▶ **EXERCISE AIM**: Output must consist only of the lines of the material below from the one with "井口真尋さんの総運は29画の4点!" through the one with "Christie's 4-5 ноября.", each reproduced exactly; no pictures belong in it.

▶ **GIVEN INFORMATION**:
+===+

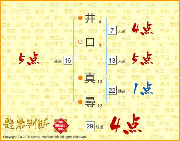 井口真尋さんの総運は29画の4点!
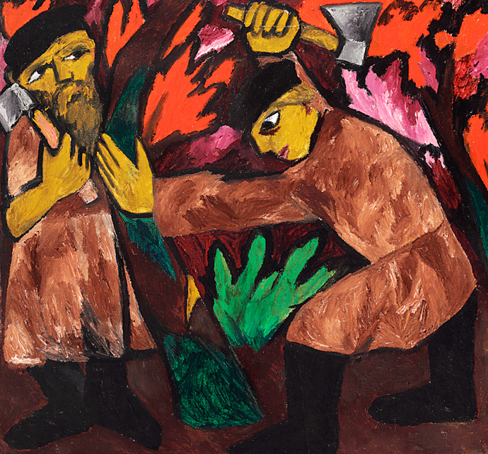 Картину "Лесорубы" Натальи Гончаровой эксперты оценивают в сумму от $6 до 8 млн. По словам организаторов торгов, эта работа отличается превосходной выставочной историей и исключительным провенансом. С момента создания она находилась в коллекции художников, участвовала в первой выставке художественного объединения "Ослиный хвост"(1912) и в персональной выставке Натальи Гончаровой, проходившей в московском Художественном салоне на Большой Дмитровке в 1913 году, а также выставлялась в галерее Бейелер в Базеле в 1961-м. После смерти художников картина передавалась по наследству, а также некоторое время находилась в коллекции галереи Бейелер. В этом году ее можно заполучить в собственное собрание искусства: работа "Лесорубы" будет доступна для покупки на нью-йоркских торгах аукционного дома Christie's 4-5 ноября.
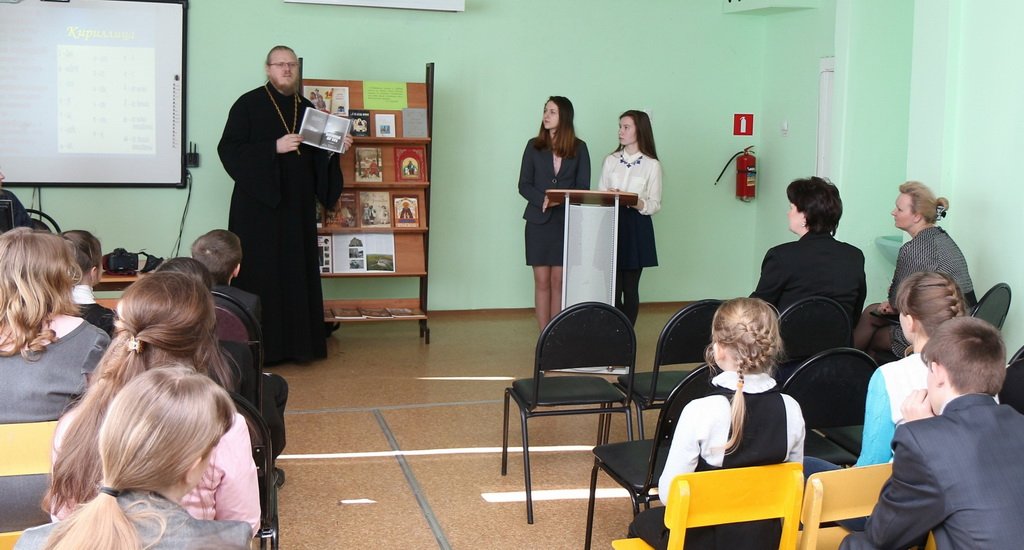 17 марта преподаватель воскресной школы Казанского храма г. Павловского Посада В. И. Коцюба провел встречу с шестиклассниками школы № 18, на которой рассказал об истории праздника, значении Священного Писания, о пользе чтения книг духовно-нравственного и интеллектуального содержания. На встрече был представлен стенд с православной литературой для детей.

+===+

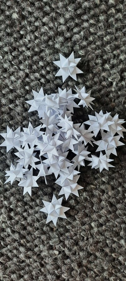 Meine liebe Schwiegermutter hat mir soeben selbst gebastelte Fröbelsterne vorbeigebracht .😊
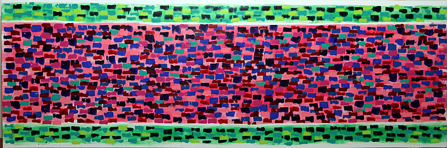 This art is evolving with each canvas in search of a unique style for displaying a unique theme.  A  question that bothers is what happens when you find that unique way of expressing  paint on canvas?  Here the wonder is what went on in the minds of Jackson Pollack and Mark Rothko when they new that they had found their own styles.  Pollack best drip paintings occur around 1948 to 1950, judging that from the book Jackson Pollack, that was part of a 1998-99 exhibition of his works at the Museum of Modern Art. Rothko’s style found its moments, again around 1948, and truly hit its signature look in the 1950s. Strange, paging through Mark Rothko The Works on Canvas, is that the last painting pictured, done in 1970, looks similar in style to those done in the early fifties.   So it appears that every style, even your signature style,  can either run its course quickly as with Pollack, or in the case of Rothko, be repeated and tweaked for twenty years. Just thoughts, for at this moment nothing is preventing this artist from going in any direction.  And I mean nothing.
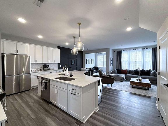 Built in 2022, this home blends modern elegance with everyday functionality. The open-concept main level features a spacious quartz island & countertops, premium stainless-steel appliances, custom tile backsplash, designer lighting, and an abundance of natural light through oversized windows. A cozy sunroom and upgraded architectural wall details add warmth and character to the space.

+===+

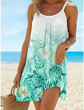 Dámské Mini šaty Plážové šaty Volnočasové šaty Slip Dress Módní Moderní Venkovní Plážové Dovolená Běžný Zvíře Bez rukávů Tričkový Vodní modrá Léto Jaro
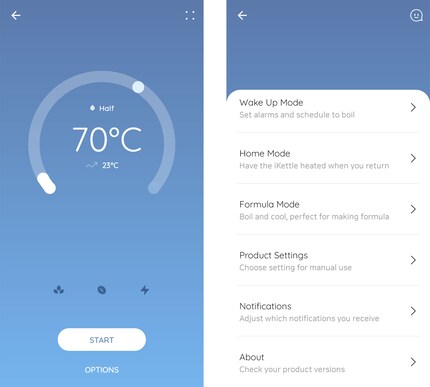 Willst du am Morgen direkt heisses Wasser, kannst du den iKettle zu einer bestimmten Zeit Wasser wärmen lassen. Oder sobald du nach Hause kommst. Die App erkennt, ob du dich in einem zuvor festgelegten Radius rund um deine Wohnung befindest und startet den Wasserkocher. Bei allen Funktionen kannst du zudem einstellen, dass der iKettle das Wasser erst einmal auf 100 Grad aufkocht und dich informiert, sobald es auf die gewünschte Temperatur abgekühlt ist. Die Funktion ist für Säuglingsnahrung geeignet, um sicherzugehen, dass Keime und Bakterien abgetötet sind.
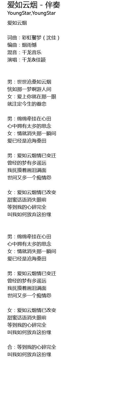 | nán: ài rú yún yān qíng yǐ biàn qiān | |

+===+

▶ **EXPECTED ANSWER**:
 井口真尋さんの総運は29画の4点!
 Картину "Лесорубы" Натальи Гончаровой эксперты оценивают в сумму от $6 до 8 млн. По словам организаторов торгов, эта работа отличается превосходной выставочной историей и исключительным провенансом. С момента создания она находилась в коллекции художников, участвовала в первой выставке художественного объединения "Ослиный хвост"(1912) и в персональной выставке Натальи Гончаровой, проходившей в московском Художественном салоне на Большой Дмитровке в 1913 году, а также выставлялась в галерее Бейелер в Базеле в 1961-м. После смерти художников картина передавалась по наследству, а также некоторое время находилась в коллекции галереи Бейелер. В этом году ее можно заполучить в собственное собрание искусства: работа "Лесорубы" будет доступна для покупки на нью-йоркских торгах аукционного дома Christie's 4-5 ноября.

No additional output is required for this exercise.